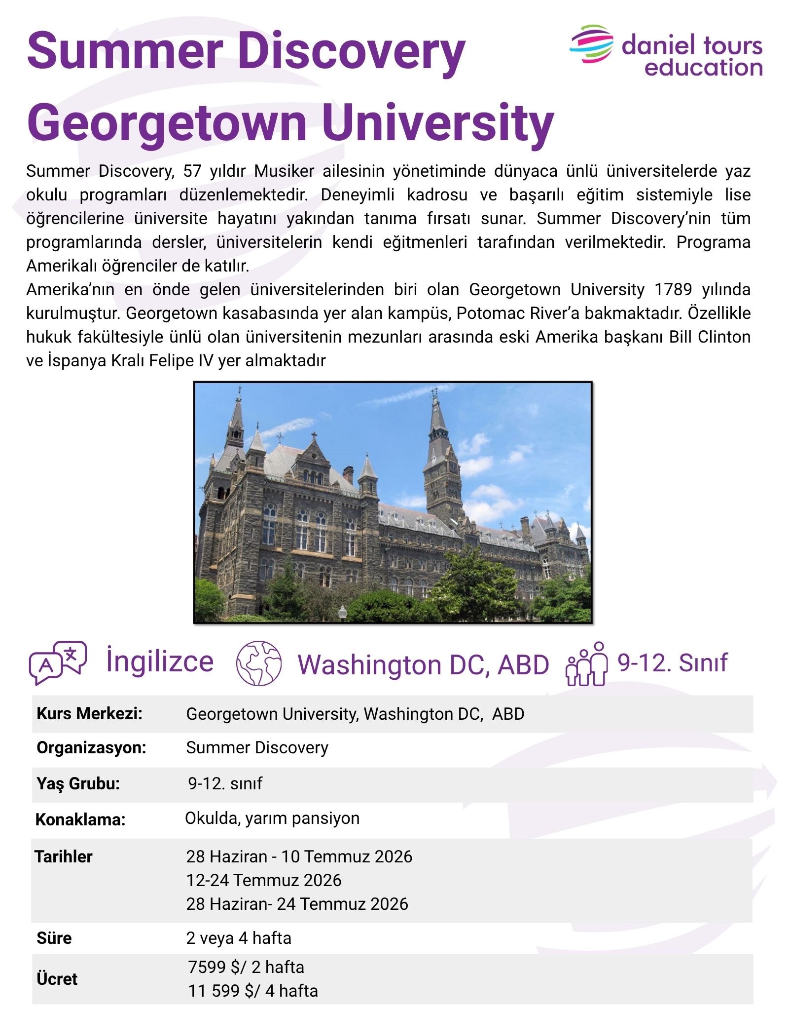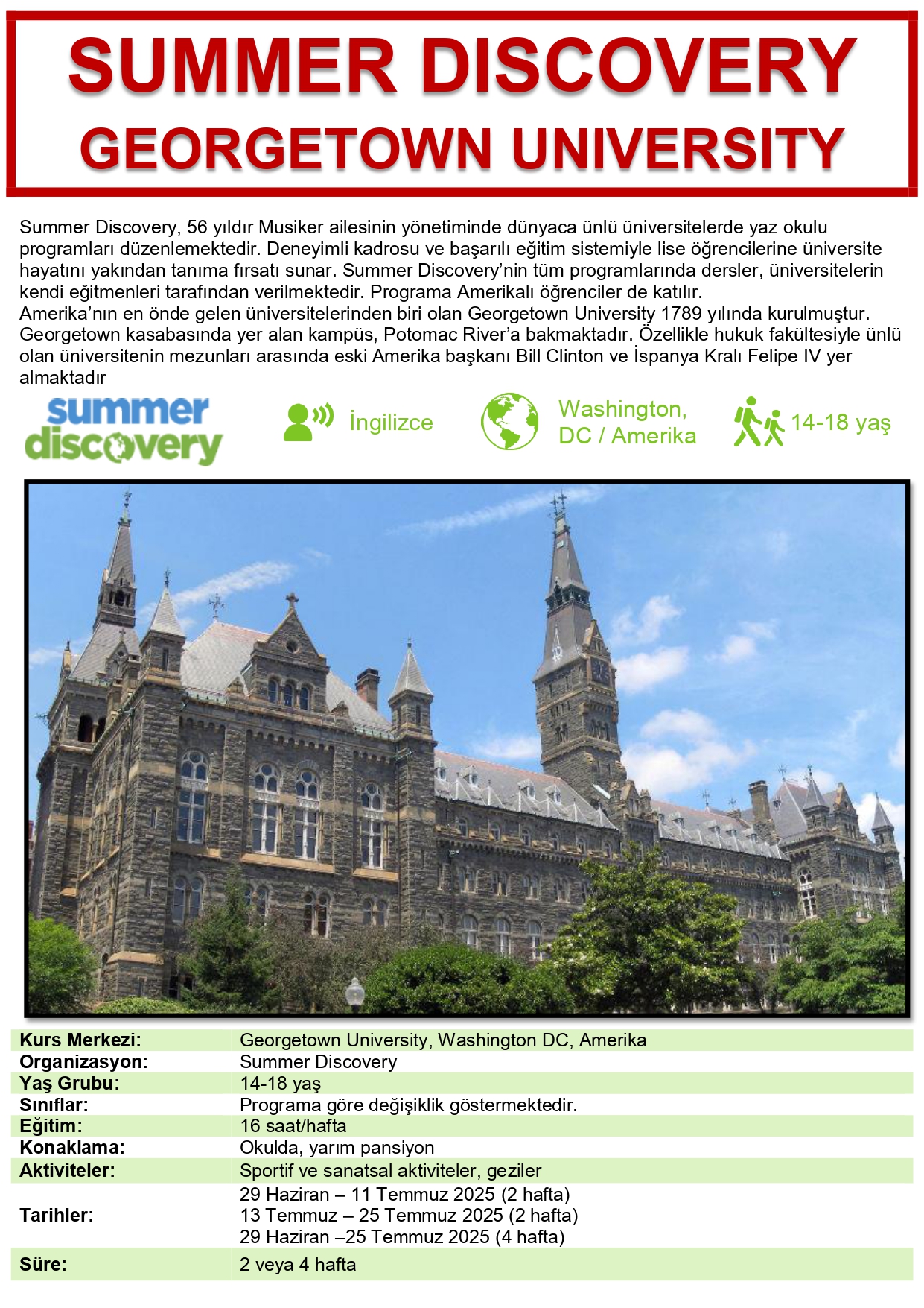 Summer Discovery - Georgetown University - Amerika YURT DIŞI YAZ KAMPI
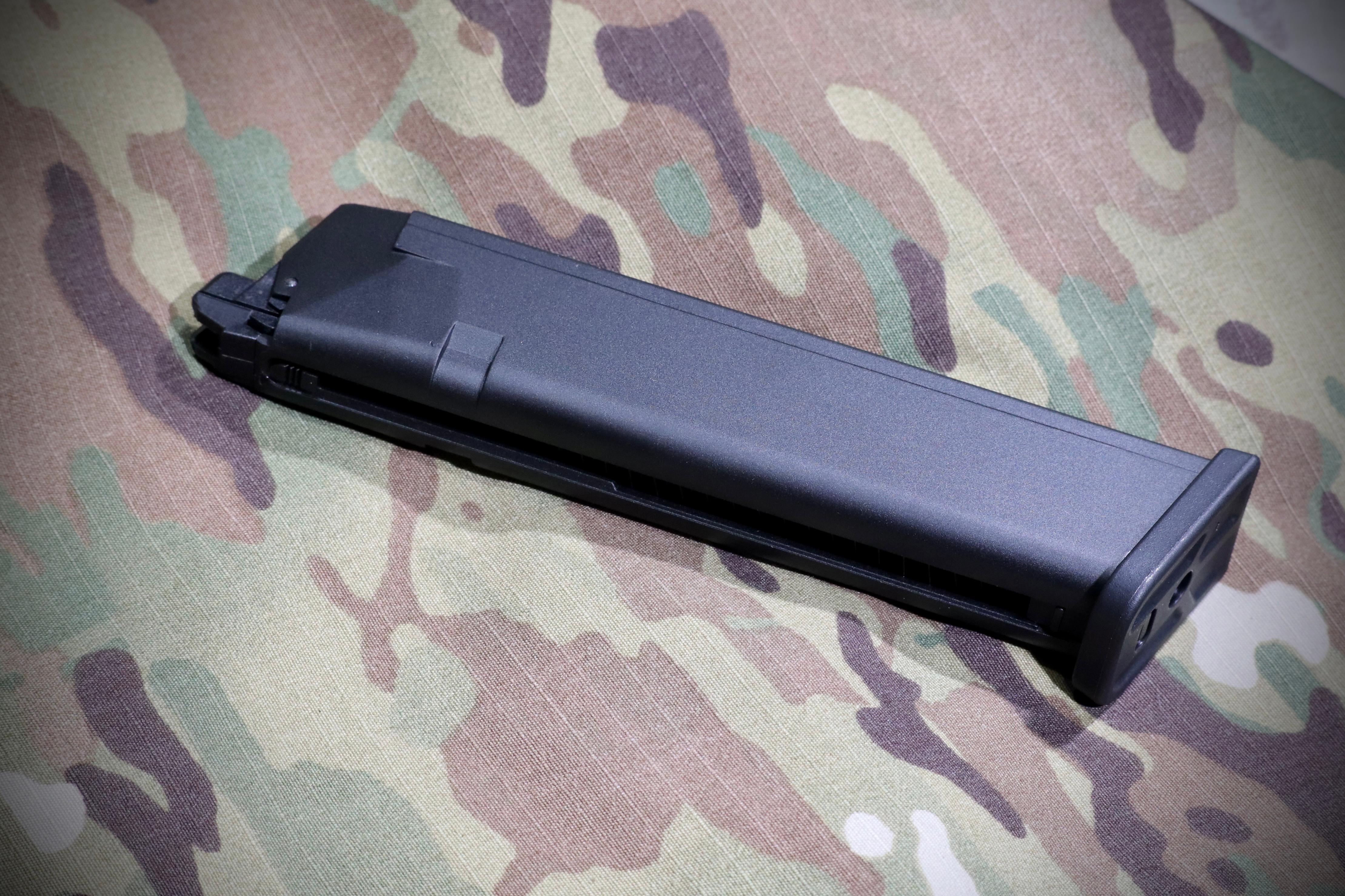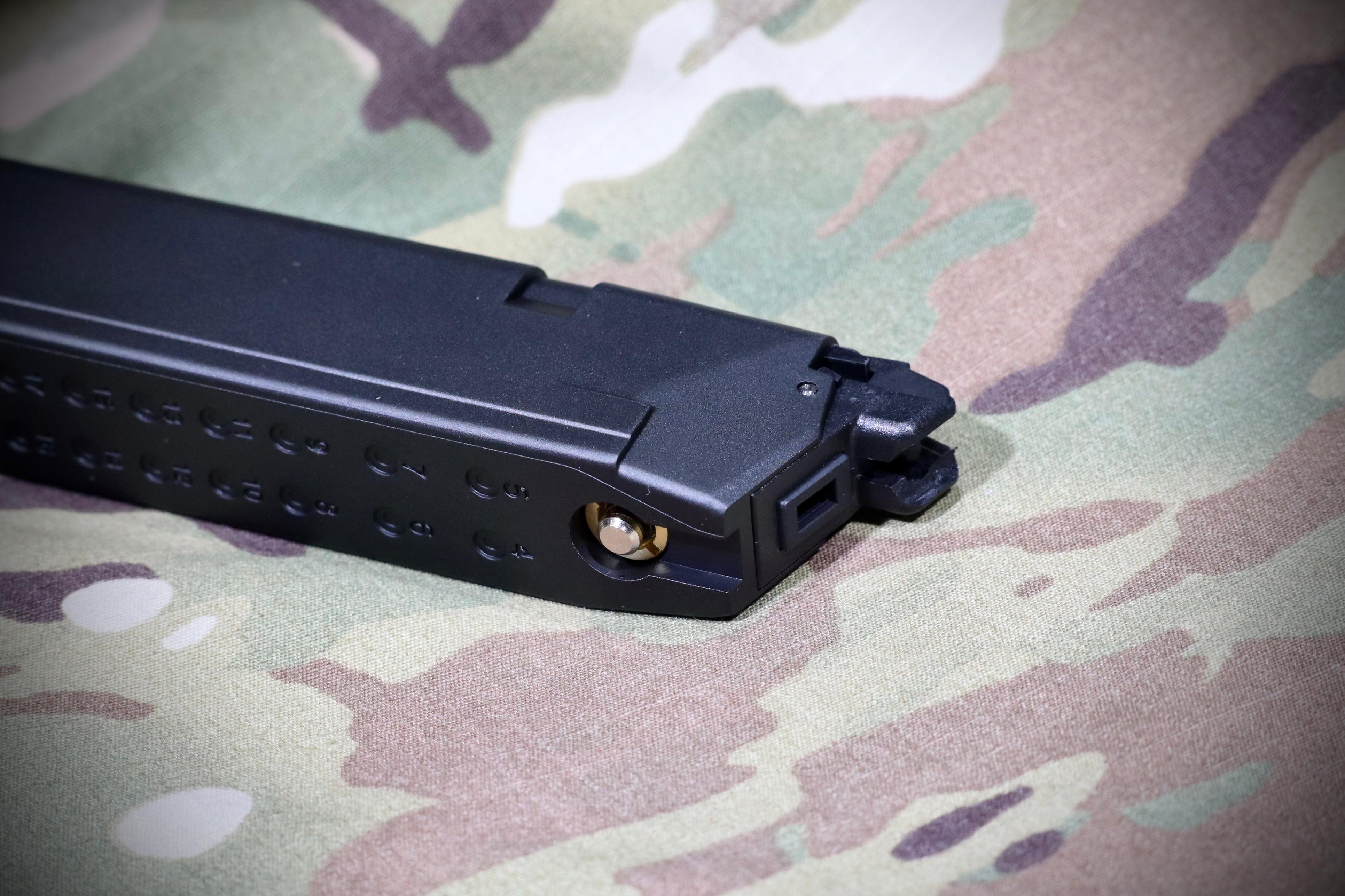 The MAXTACT GMG-17 32 Rounds Extended Co2 Magazine maybe one of the best G-Model extended magazine in the market. The Aluminum constructed magazine is very lightweight, which it only weights 219.4g, with the height of 170mm. The magazine can be set into the pistol with a "just all-right" extended length, proving the extra 5 rounds capacity. The round tube air chamber design is used for maximum strength, also ensuring a stable and consistent gas supply, which can definitely maximise your Airsoft pistol's performance. CNC-machined bottom block with extra fine threads is also equppied in order to prevent gas leakage.
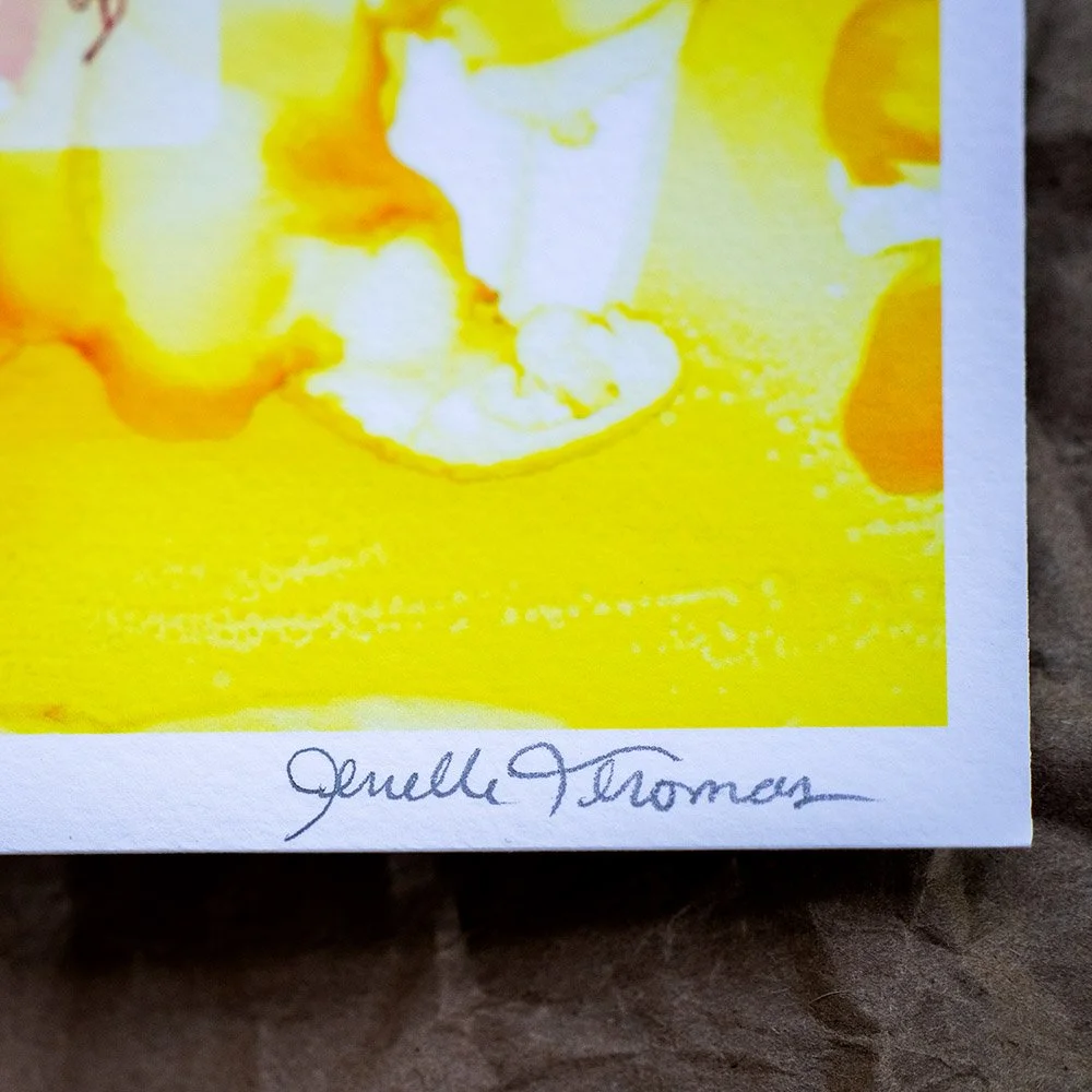 This print is a full-on ode to the warmth of long rides and longer shadows. Sun was hand-carved and paired with vivid textures from alcohol inks burned onto glass, then scanned and layered into a glowing, summer-infused image. Though its printed on fine art paper, it comes from rescued scraps, salvaged materials, and second chances —because even castoffs can radiate.
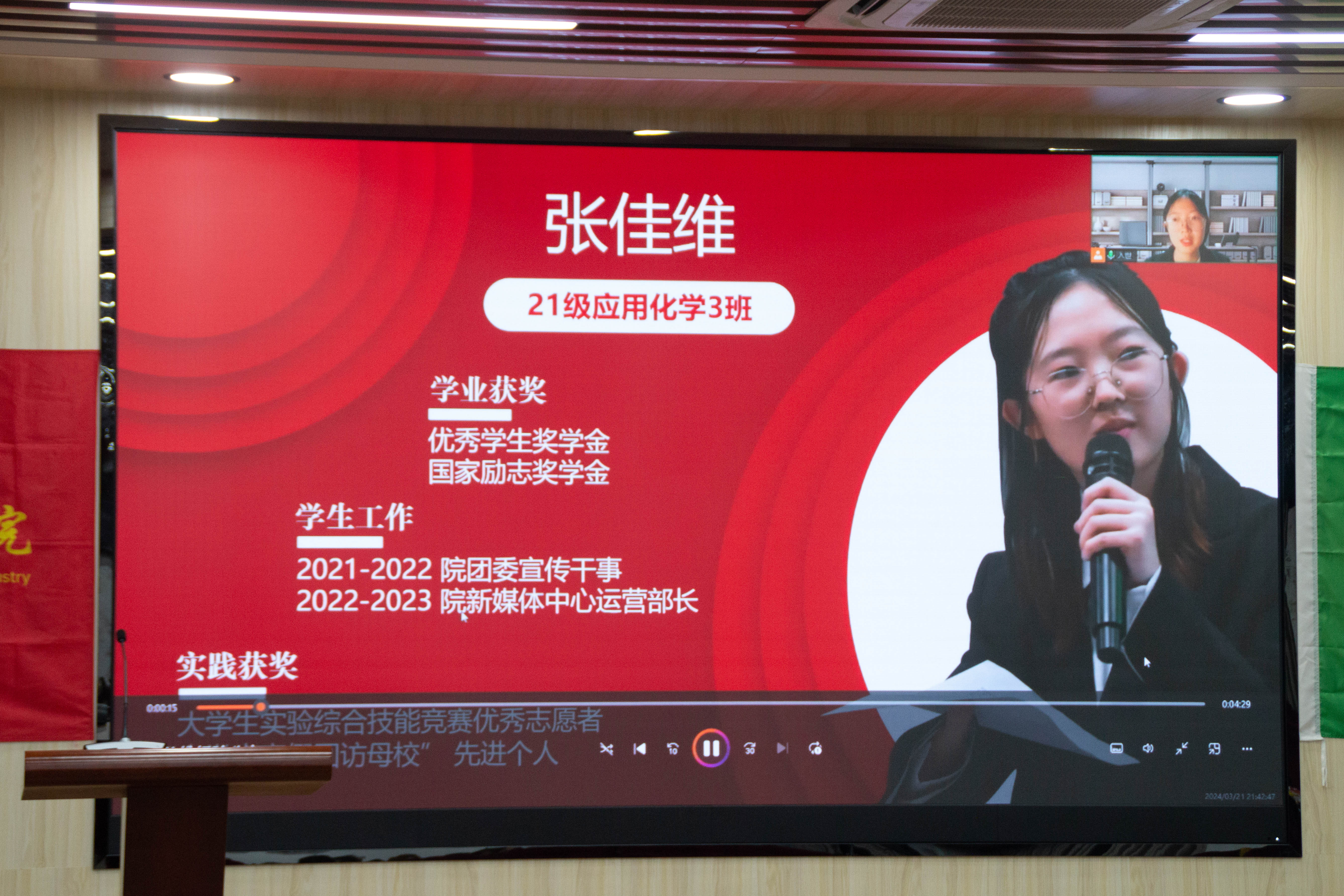 “自强之星”张佳维同学通过视频分享的方式为同学们带来了深刻的启发。她在视频中分享自己对学生工作和社会实践的理解与看法,指出夯实基础是关键,持之以恒是动力,激励同学在困境中要秉持锲而不舍、自强不息的精神,心存希望,追逐光明。
# # #
- **YOUR OBJECTIVE**
Please reproduce the material above word for word, without its images.

- **TASK RESULT**
 Summer Discovery - Georgetown University - Amerika YURT DIŞI YAZ KAMPI
 The MAXTACT GMG-17 32 Rounds Extended Co2 Magazine maybe one of the best G-Model extended magazine in the market. The Aluminum constructed magazine is very lightweight, which it only weights 219.4g, with the height of 170mm. The magazine can be set into the pistol with a "just all-right" extended length, proving the extra 5 rounds capacity. The round tube air chamber design is used for maximum strength, also ensuring a stable and consistent gas supply, which can definitely maximise your Airsoft pistol's performance. CNC-machined bottom block with extra fine threads is also equppied in order to prevent gas leakage.
 This print is a full-on ode to the warmth of long rides and longer shadows. Sun was hand-carved and paired with vivid textures from alcohol inks burned onto glass, then scanned and layered into a glowing, summer-infused image. Though its printed on fine art paper, it comes from rescued scraps, salvaged materials, and second chances —because even castoffs can radiate.
 “自强之星”张佳维同学通过视频分享的方式为同学们带来了深刻的启发。她在视频中分享自己对学生工作和社会实践的理解与看法,指出夯实基础是关键,持之以恒是动力,激励同学在困境中要秉持锲而不舍、自强不息的精神,心存希望,追逐光明。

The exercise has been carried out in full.